GoogleCodeExporter commented 9 years ago

Hi Carsten,

I've applied the patch but cannot see any improvements over the pre-patching 
output. Perhaps I had the wrong expectations about the outcome can you please 
advice? I've attached the two sources i'm using for comparison and the 
resulting output.

Original comment by hle.mich...@gmail.com on 19 Nov 2010 at 10:02

Attachments:

GoogleCodeExporter commented 9 years ago

Just to clarify the problem with the output on the previous comment. The diff 
for the Manufacturer and Description sections are scrambled together.
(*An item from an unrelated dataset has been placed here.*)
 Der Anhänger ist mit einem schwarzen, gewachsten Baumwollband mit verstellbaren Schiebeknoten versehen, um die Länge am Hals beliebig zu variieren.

Original comment by hle.mich...@gmail.com on 19 Nov 2010 at 10:14

GoogleCodeExporter commented 9 years ago

Hi Michael,

sorry for coming back to you so late. I just checked your example and you are 
right, this scenario is not covered by my patch. Daisydiff doesn't know or care 
about sections or chapters like e.g. "Manufacturers" from your snippets. 
Daisydiff only sees two long list of text elements and tries to find and report 
as few differences in them as possible.

Daisydiff would need to learn about those chapters (h1..h6 for a start) and 
perform the differencing separately for the text nodes of those chapters.

I.e. DomTreeBuilder should not return a flat list of elements but some kind of 
tree of chapters, each with their own list of text nodes.
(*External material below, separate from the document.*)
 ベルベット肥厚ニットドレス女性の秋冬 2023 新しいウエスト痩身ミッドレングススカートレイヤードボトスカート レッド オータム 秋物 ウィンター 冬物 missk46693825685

Ideally you would then create one TextNodeComparator per chapter and perform 
the diffing chapter-wise. But this needs some work, because this would lead to 
multiple outputs (you want to have just one single result of course).

Cheers,
Carsten

Original comment by pfeif...@kde.org on 14 Mar 2011 at 4:14

GoogleCodeExporter commented 9 years ago

[deleted comment]

GoogleCodeExporter commented 9 years ago

Carsten,

Can you post an example or two, where one can see clearly what has changed 
before and after applying this patch? This should help people understand the 
changes and decided if the patch should be accepted or not.

Original comment by kkape...@gmail.com on 23 May 2011 at 2:40

GoogleCodeExporter commented 9 years ago

I applied the patch (which was tricky because it clashed with the performance 
fixes in 1.2) and I note that it fixes 
http://code.google.com/p/daisydiff/issues/detail?id=26 for me, without breaking 
anything else I could think of.  Awesome work Carsten.

Original comment by don.jp.w...@gmail.com on 15 Jun 2011 at 5:29

GoogleCodeExporter commented 9 years ago

Can you create then a new patch (that is based on 1.2) and attach it here?

Then I will apply this to trunk if you think that it should be part of 
DaisyDiff.

Original comment by kkape...@gmail.com on 15 Jun 2011 at 6:41

GoogleCodeExporter commented 9 years ago

Yes.  Will do.  I have a little more testing to do first.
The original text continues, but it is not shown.